MESSAGE FROM THE HONORABLE MINISTER OF TRANSPORT AND INFOCOMMUNICATIONS BRUNEI DARUSSALAM IN COMMEMORATION OF WORLD METEOROLOGICAL DAY 2019
23RD MARCH 2019
THEME: “The Sun, the Earth and the Weather”
1. World Meteorological Day takes place every year on 23 March and commemorates the coming into force on 23 March 1950 of the Convention establishing the World Meteorological Organization. It celebrates and showcases the essential contribution of National Meteorological and Hydrological Services (NMHSs) to the safety and wellbeing of society through data collection from all over the world to help us understand the weather and its impact on our lives better.
2. World Meteorological Day 2019 is devoted to the theme The Sun, the Earth and the Weather and reflects the core purpose of WMO and the essential role of NMHSs in monitoring the Earth System in order to deliver daily weather forecasts and advise policy makers about climate variability and change. In doing so, the WMO community supports actions that protect lives and property from extreme weather and builds long-term climate resilience.
3. Climate change is one of the top global concerns. We in Brunei Darussalam share this concern.
4. Climate change has led to an increase in heat extremes, and new temperature records – at local daily levels as well as at national, regional and global level. Heat waves are starting earlier and ending later in the year and becoming more frequent and intense as a result of climate change.
5. Climate models project increases in mean temperature in most land and ocean regions, hot extremes in most inhabited regions, heavy precipitation in several regions and the probability of drought and precipitation deficits in some regions. Climate-related risks to health, livelihoods, food security, water supply, human security, and economic growth are projected to increase with global warming.
6. Understanding how the Sun influences weather and climate phenomena is therefore critical to the core mission of WMO towards building resilient societies. National Meteorological and Hydrological Services provide expertise and services both to harness the power of the Sun and to protect us from it. These include 24/7 weather observations and forecasts, as well as monitoring of atmospheric greenhouse gases, ultraviolet radiation, aerosols and ozone and their consequent effects on people, climate, air and water quality and marine and terrestrial life.
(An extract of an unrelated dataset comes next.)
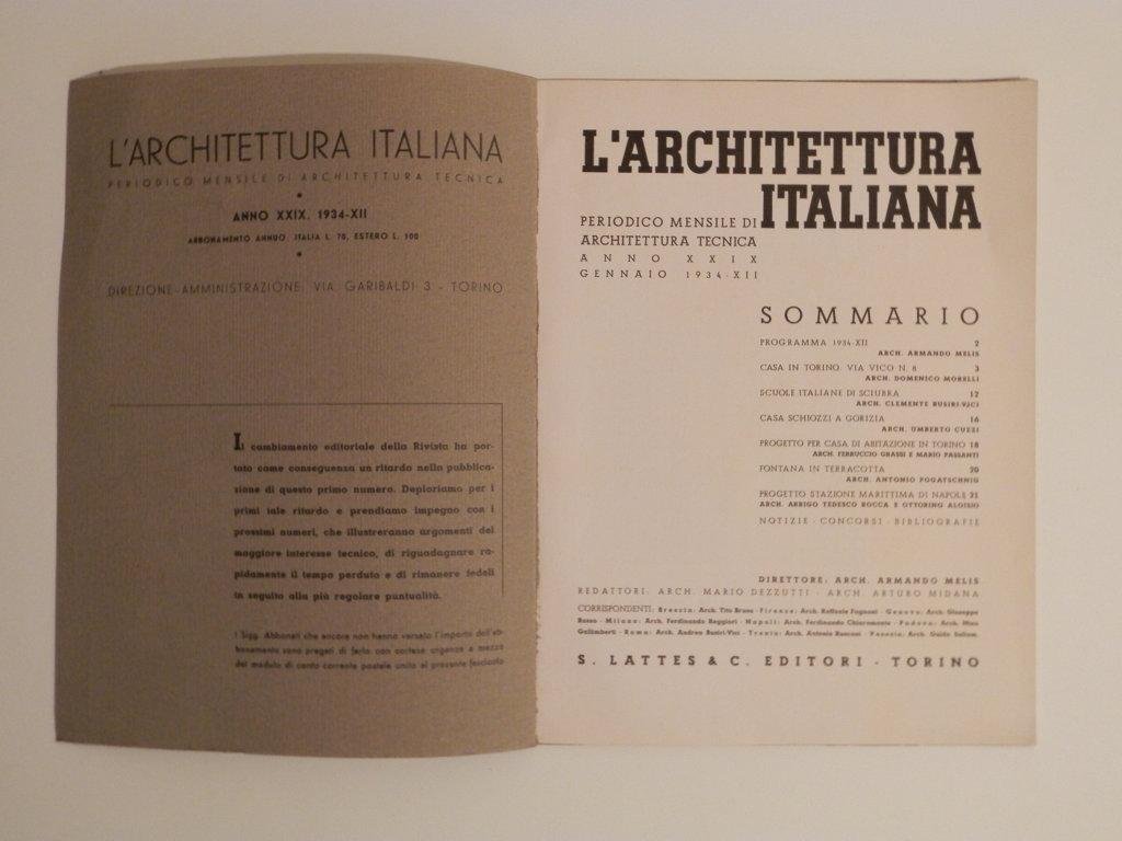 L'architettura italiana. Periodico mensile di architettura e tecnica. Annata 1934 completa.

7. With today’s technology, it’s hard to imagine a time when we didn’t know what the weather was going to be like. In today’s digital economy and smart nation environment, technology becomes the enabler to help socialize and disseminate weather information better and more effectively to the public at large.
8. In Brunei Darussalam, in light of the 4th Industrial Revolution (IR4.0), disseminating and forecasting weather information effectively and efficiently will incessantly depend on internet access and ongoing technological progress so that information can continuously be shared seamlessly and accurately in real time. This is because such information could very well determine life or death as well as determine effective and necessary mitigation or preventive measures towards protecting life as well as property as urgently and as timely as possible.
9. The Ministry of Transport and Infocommunications through the Brunei Darussalam Meteorological Department (BDMD) therefore strives to meet these challenges not only from the technological perspective but also in actively assessing and developing the department’s human resource development program. In this respect, upskilling and reskilling as required in the IR4.0 environment of personnel in areas of weather forecasting and observation have been in the forefront of training programmes.
10. The last two years have seen BDMD personnel undergoing online training as well as local and overseas training to increase the department’s capacity especially in data retrieval, data analysis and digital forecasting techniques. This is the relevance we seek for meteorological services in a digital economy.